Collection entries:
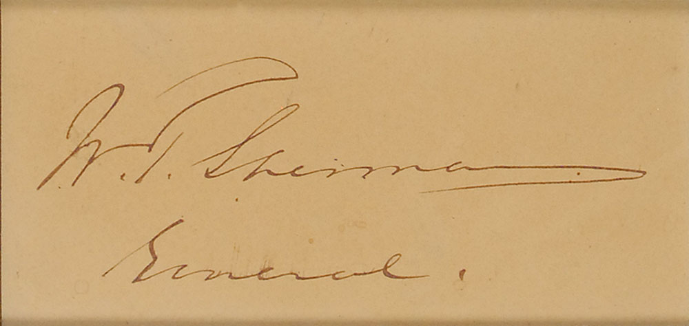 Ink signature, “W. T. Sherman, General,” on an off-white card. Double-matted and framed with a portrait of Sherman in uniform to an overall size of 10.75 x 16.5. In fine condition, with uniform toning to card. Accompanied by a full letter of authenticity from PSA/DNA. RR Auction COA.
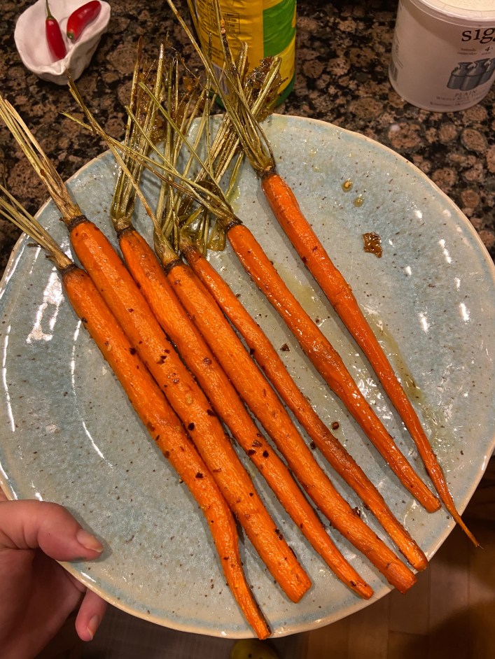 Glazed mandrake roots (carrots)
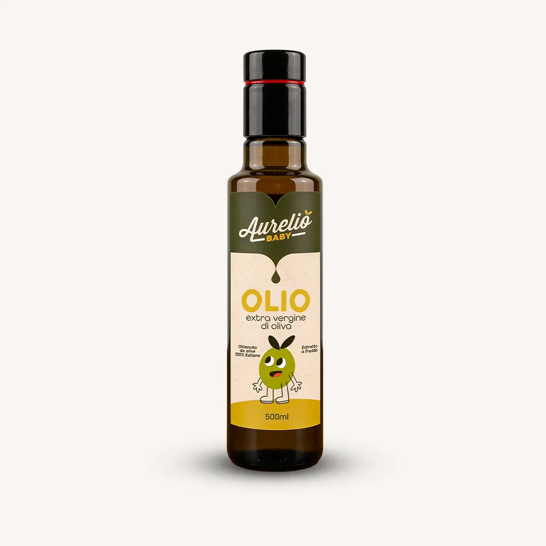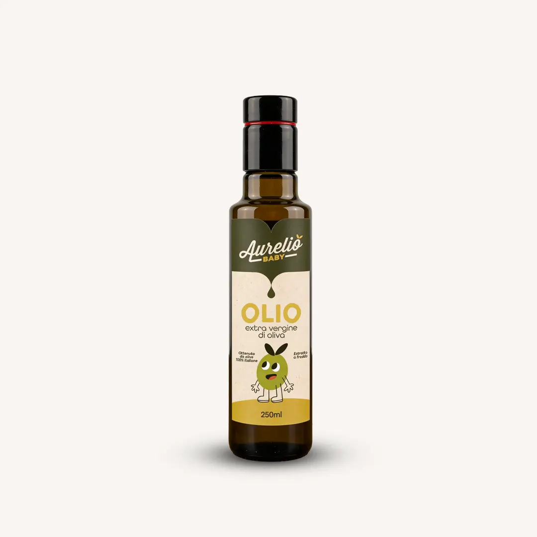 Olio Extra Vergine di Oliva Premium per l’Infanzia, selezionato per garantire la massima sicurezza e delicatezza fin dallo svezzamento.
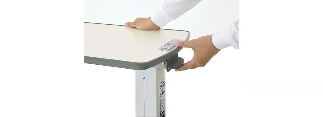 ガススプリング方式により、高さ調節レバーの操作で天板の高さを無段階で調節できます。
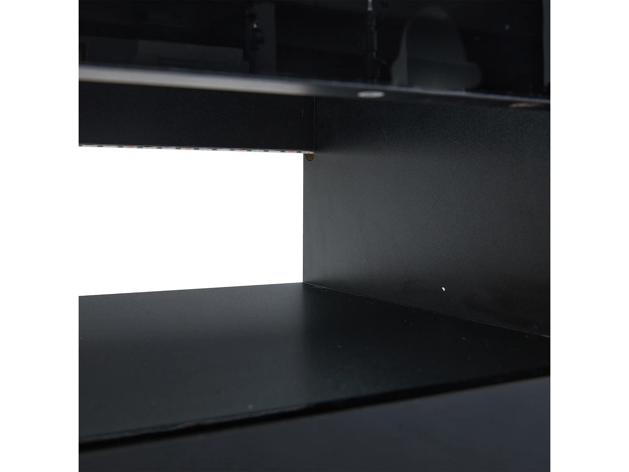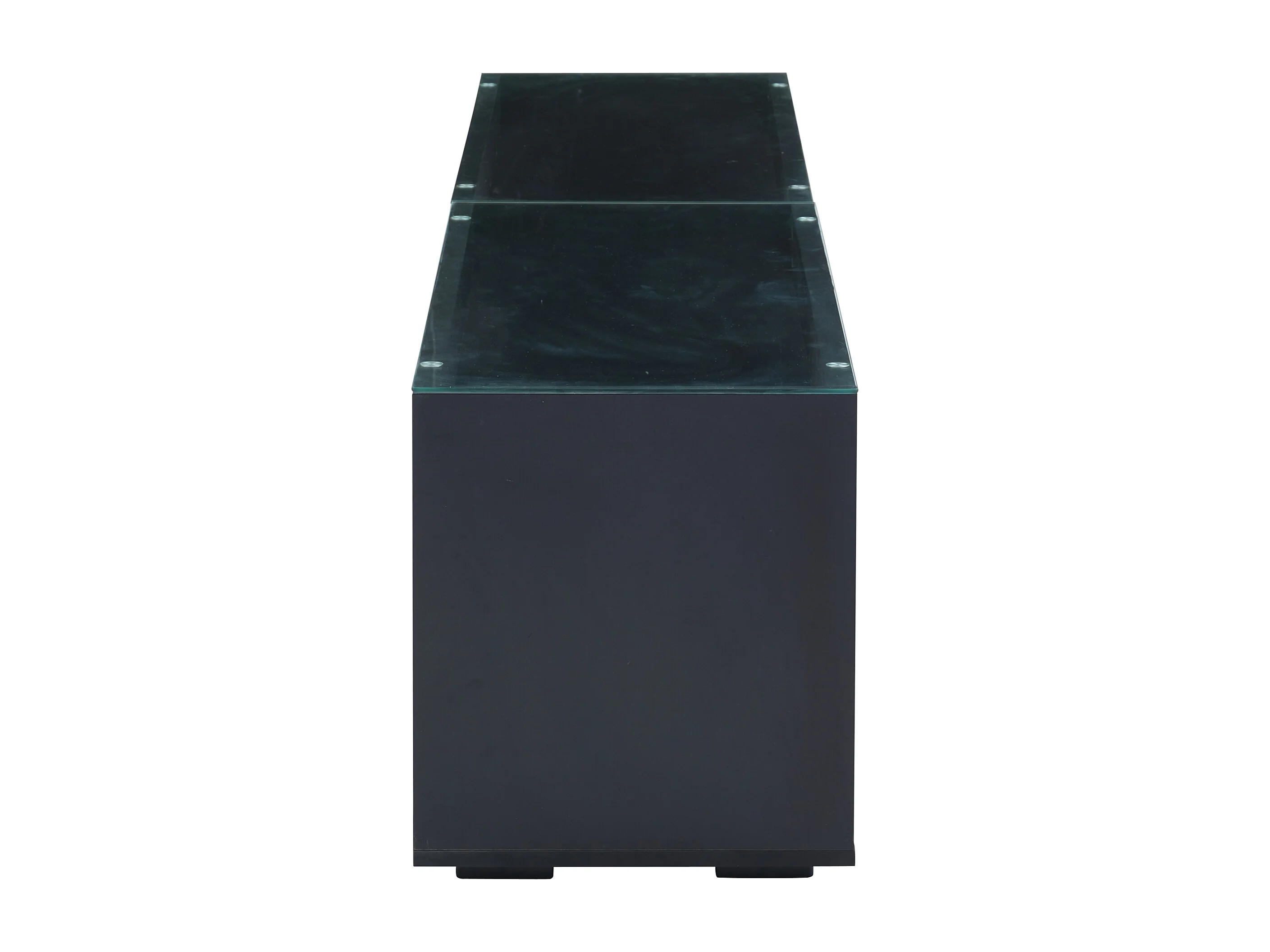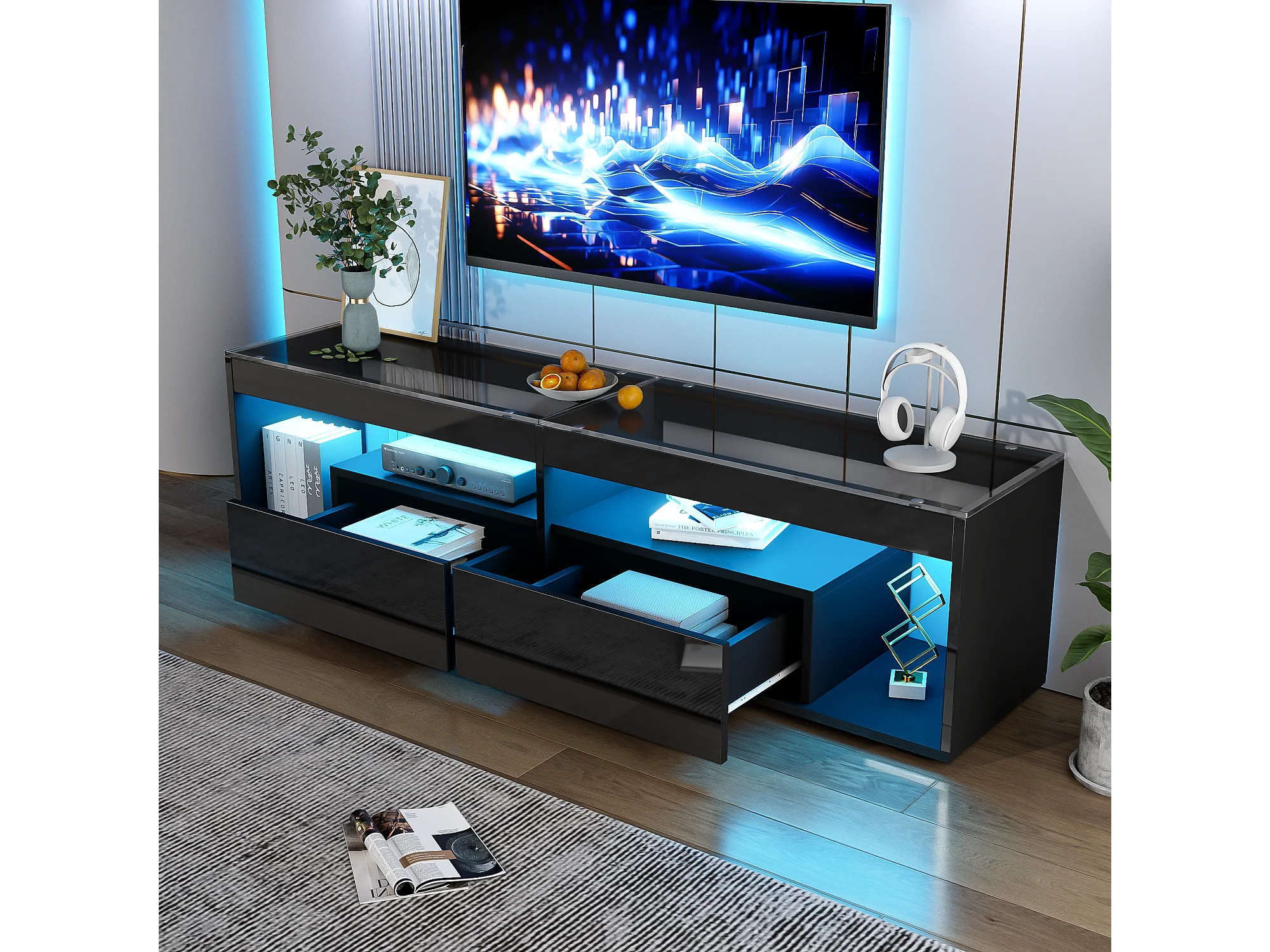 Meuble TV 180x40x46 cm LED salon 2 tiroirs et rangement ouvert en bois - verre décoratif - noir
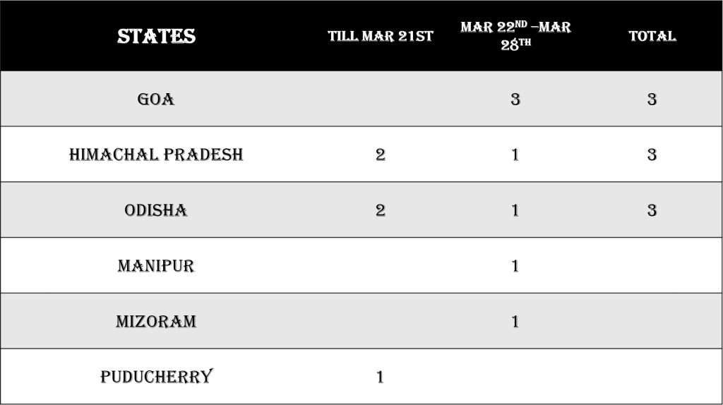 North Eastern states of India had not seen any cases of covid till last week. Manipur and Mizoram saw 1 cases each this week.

## [TASK DETAILS]
Would you repeat exactly, and only, the lines from the start of the records above through the line containing "Glazed mandrake roots (carrots)", with the pictures omitted?

## [OUTPUT BELOW]
 Ink signature, “W. T. Sherman, General,” on an off-white card. Double-matted and framed with a portrait of Sherman in uniform to an overall size of 10.75 x 16.5. In fine condition, with uniform toning to card. Accompanied by a full letter of authenticity from PSA/DNA. RR Auction COA.
 Glazed mandrake roots (carrots)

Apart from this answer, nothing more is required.